Context-based OpenAI GPT-3 Chatbot

This is a demo app that uses OpenAI's GPT-3 to answer questions using context specific documents.

The context for this chatbot is derived from the Geodata-Harvester documentation and the webapp is embedded in the same page (see Section "What is it").

How to use

Download or fork the repository.
Create an OpenAI account and get an API key.
Create the file openai_api_key.txt and add the OpenAI API key to the file.
Install the dependencies using pip install -r requirements.txt.
Run chatapp.py to start the app:
```
python chatapp.py
```

How it works

This app is based on the documents from the Geodata-Harvester project and uses the OpenAI's GPT-3 to answer questions regarding the context of the document. The context and vector embeddings have been pre-processed and are stored in the folder embeddings as CSV files.
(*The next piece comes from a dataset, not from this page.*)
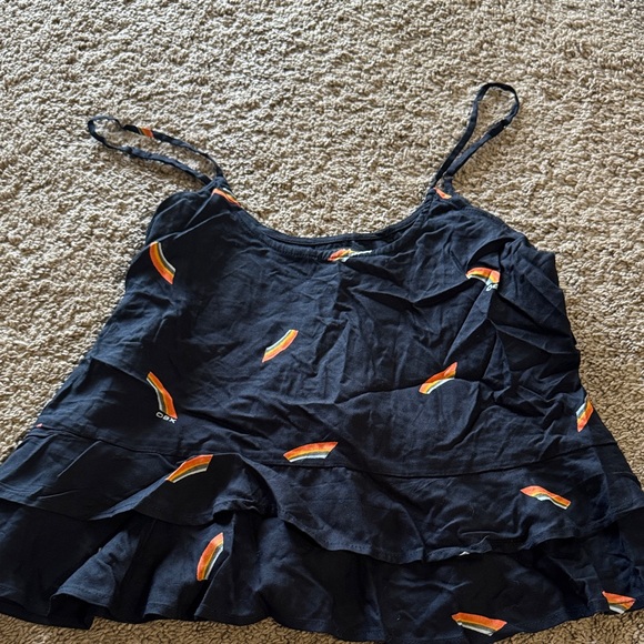 Stylish black tank top featuring vibrant orange and red accents. Perfect for casual wear.

The app uses the following main steps to answer a question:

Find the most relevant document sections for a given question by using the embeddings of the document sections.
Construct a prompt for the question using the most relevant document sections (based on cosine similarity).
Add guidelines to the prompt to ensure that the answer is relevant to the context of the document.
Use the prompt to answer the question using OpenAI's GPT-3.
Return the answer and the number of tokens used to answer the question.

The total number of tokens used to answer the question is estimated by counting the sum of number of tokens used for the question embedding, the prompt and the response.

Requirements

The following main Python dependencies are required:

openai
pandas
numpy
tiktoken
matplotlib
plotly
scikit-learn
scipy

For a full list of dependencies, please see the file requirements.txt. The app has been tested with Python 3.9 and 3.10.

Known Limitations

The app is limited to provide only answers that are related to the context of the documents.
Some of the training data is not updated and might not be relevant anymore.
The app is currently limited to 1000 tokens per request.
Embeddings and matching content need to be provided.
The app is not optimized for speed and might be slow for large datasets.
The app does not provide any feedback on the quality of the answers.

References

License

This open-source project is licensed under the GNU LESSER GENERAL PUBLIC LICENSE v2.1. See the LICENSE file for details.